▶ ACTION ITEM
With the pictures removed, reproduce exactly the lines from the one that contains "We bieden allerlei" through the last line of the entries below.
____ DATA TO USE
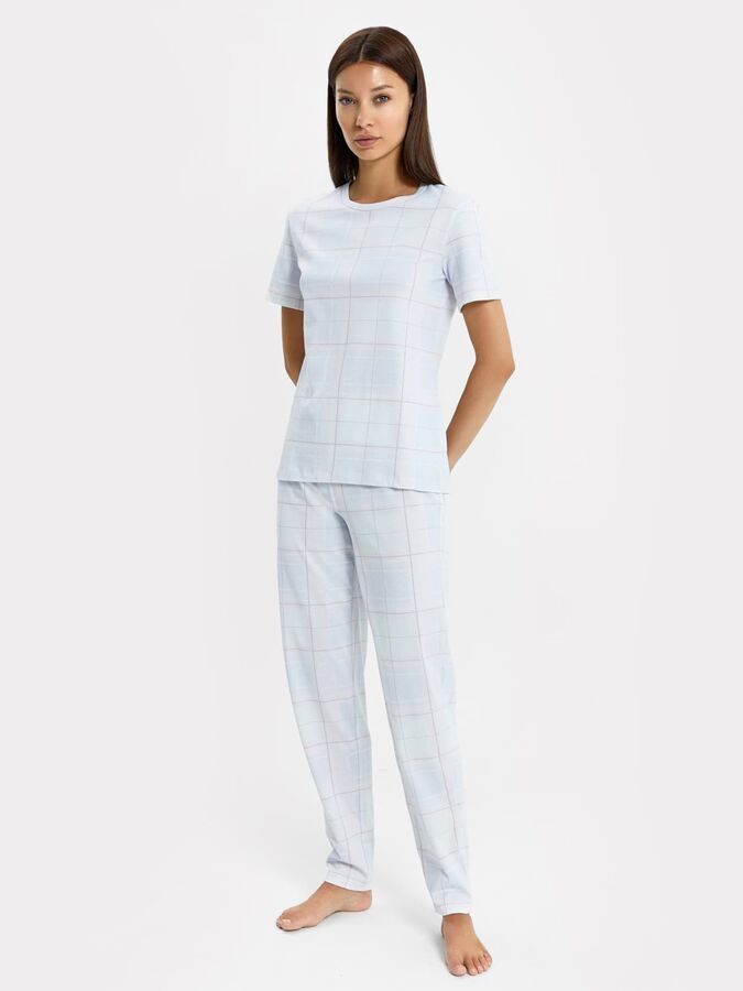 КОМПЛЕКТ ЖЕНСКИЙ (ФУТБОЛКА, БРЮКИ) 592369 592369 голубая клетка 1050 Mark Formelle
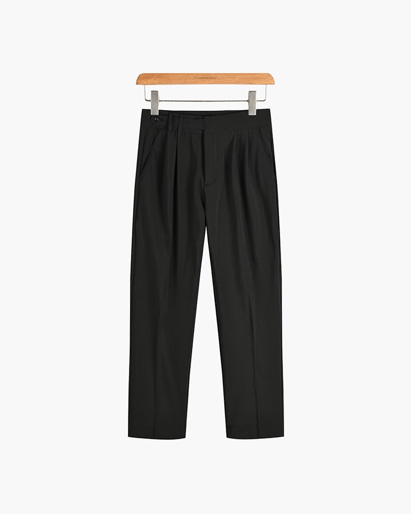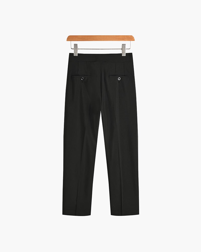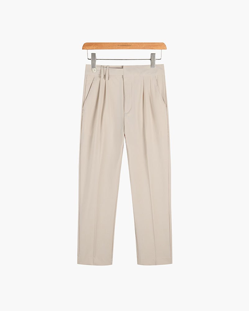 Classic tailored trousers featuring an adjustable buckle for a perfect fit. Crafted in timeless old-money style, these trousers combine refined tailoring with subtle, sophisticated details.
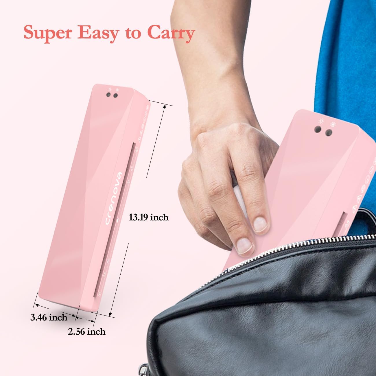 Crenova A4 Laminator Machine 4 in 1 Personal Desktop Hot & Cold with 10 Laminating Pouches No Bubbles 9 Inch Thermal Laminator for Home Office School Business Use Pink
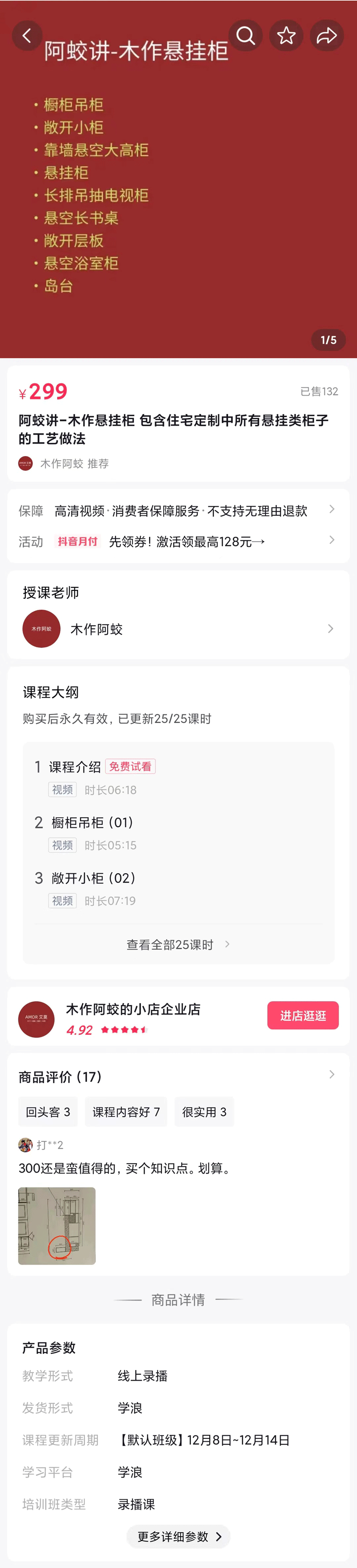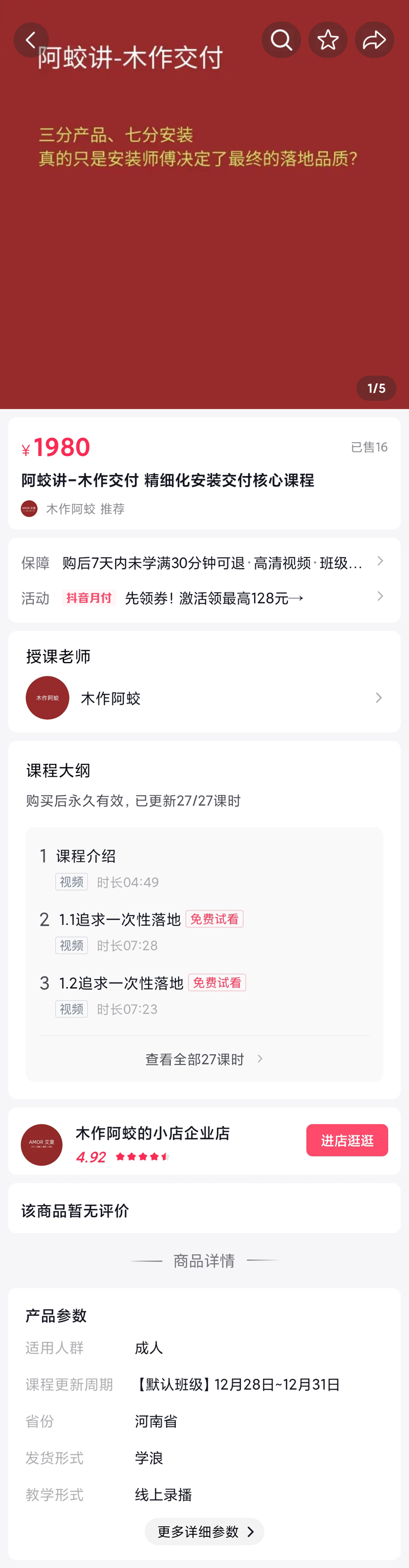这套(阿蛟讲木作交付-精细化安装交付核心课程)其实是老李同学花了1980买来自己学习的,课程是在线观看的,现在破解了。给您原件教程,跟官方一模一样,下载到电脑上就可以观看学习了。很多经销商设计师朋友都买了.....官方有的都有。
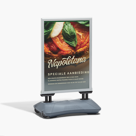 We bieden allerlei soorten duurzame buitenreclame die bestand is tegen slecht weer. Daaronder vallen waterbestendige opties die je langere tijd buiten kunt laten, maar ook draagbare borden die je makkelijk binnen of buiten kunt zetten wanneer dat nodig is.
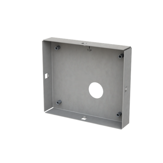Infälld installationsdosa i metall för svarsapparat med display. Med infälld installation sticker enheten bara ut 7 mm från väggen jämfört med 24 mm vid utanpåliggande installation.
________
▶ OUTPUT FOR THIS EXERCISE
 We bieden allerlei soorten duurzame buitenreclame die bestand is tegen slecht weer. Daaronder vallen waterbestendige opties die je langere tijd buiten kunt laten, maar ook draagbare borden die je makkelijk binnen of buiten kunt zetten wanneer dat nodig is.
Infälld installationsdosa i metall för svarsapparat med display. Med infälld installation sticker enheten bara ut 7 mm från väggen jämfört med 24 mm vid utanpåliggande installation.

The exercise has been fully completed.